Висячие сады закрыты на замок

Владимир СВЕТЛОСАНОВ
Владимир СВЕТЛОСАНОВ



ВИСЯЧИЕ ЗАМКИ ЗАКРЫТЫ НА ЗАМОК


* * *
Я возьму на себя ответственность
И отвечу за все, как есть:
И за волчью в крови наследственность,
И за кротость овечью.
                          Честь,
Береженную мною смолоду,
Наизнанку не вывернуть;
Отпустить раскольничью бороду,
Застолбить прямоезжий путь
Не пришлось; на пути окольные,
Шароварами шелестя,
Выходить не пристало. «Сколько мне
Лет, Савельич?» — «Еще дитя».


* * *
Эпохи вырожденья очевидец,
Развала современник поневоле,
Ты все еще мечтаешь, как Овидий,
Вернуться в Рим, взойти на Капитолий.

Но алчная волчица не готова
Тебя восстановить в правах гражданства.
Зашло в тупик ораторское слово.
На карте пост-латинского пространства

Ты видишь полустертые названья
(К примеру, «легендарный Севастополь»),
Стоически отмерив расстоянье
Тебе доступным ямбом пятистопным.
* * *
И шатко, и валко.

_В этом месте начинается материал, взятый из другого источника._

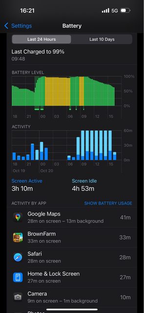→ Wolff: 後幾小時都還有顯示手電筒耗電。不過想說第二天就正常了, 10/21 12:02
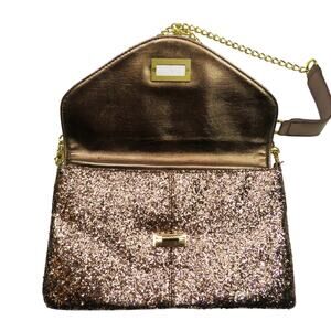 Aldo Sparkle Gold Glitter Crossbody. Golden Bronzey Color Full Glitter Super Sparkly Rectangle Crossbody Bag with Solid Faux Leather Copper Brown Back. Gold Hardware and Gold Chain Strap with Faux Leather Strap Pad.
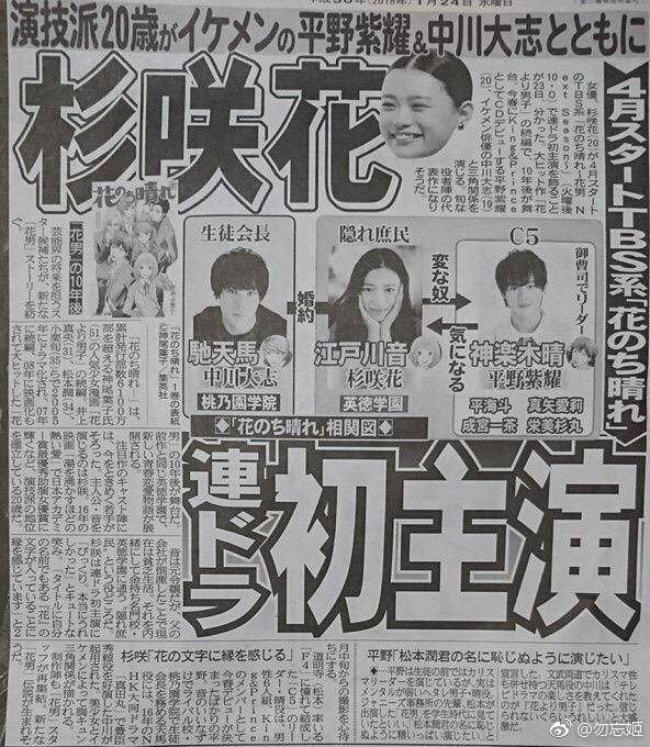 以花男十年后为背景的TBS春火十 杉咲花主演 平野紫耀演道明寺后继者(二代?)
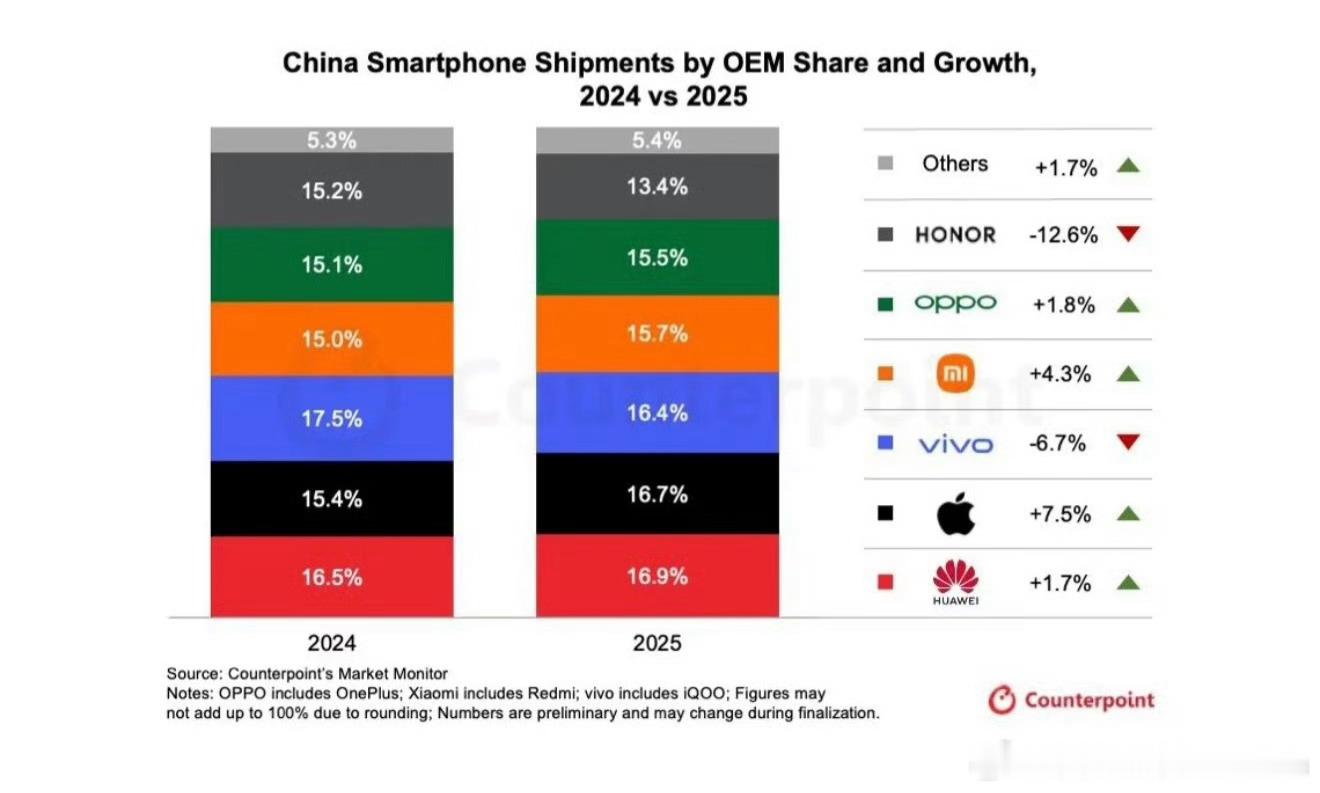 野榜?华为第一?苹果第二?Counterpoint,算权威吗华为2025年中国智

Валуйки.
На юг повернув от Хопра,
Вихляются рельсы, как струйки,
налево-направо-напра...
Напрасно донецкие степи
твой взгляд норовят уловить, —
Здесь было бы, право, нелепо
Парням молодым выходить.
Никто не выходит до Крыма,
И прочно стоит на земле
Все то, что проносится мимо, —
Смотри хоть напра..., хоть нале...
Налей мне еще из титана
Сомнительного кипятку, —
Стук ложки о стенку стакана
Я слышать, как ты, не могу.
Как струйки, вихляются рельсы
Налево-направо-напра...
А ветер горячий и резкий
С Изюмского веет бугра.


* * *
Большая Морская — зеленая улица, белая.
Там некогда мне улыбалась история целая.
Я ей улыбался в ответ чересчур идиллически,
С Приморского идучи вверх — на бульвар Исторический.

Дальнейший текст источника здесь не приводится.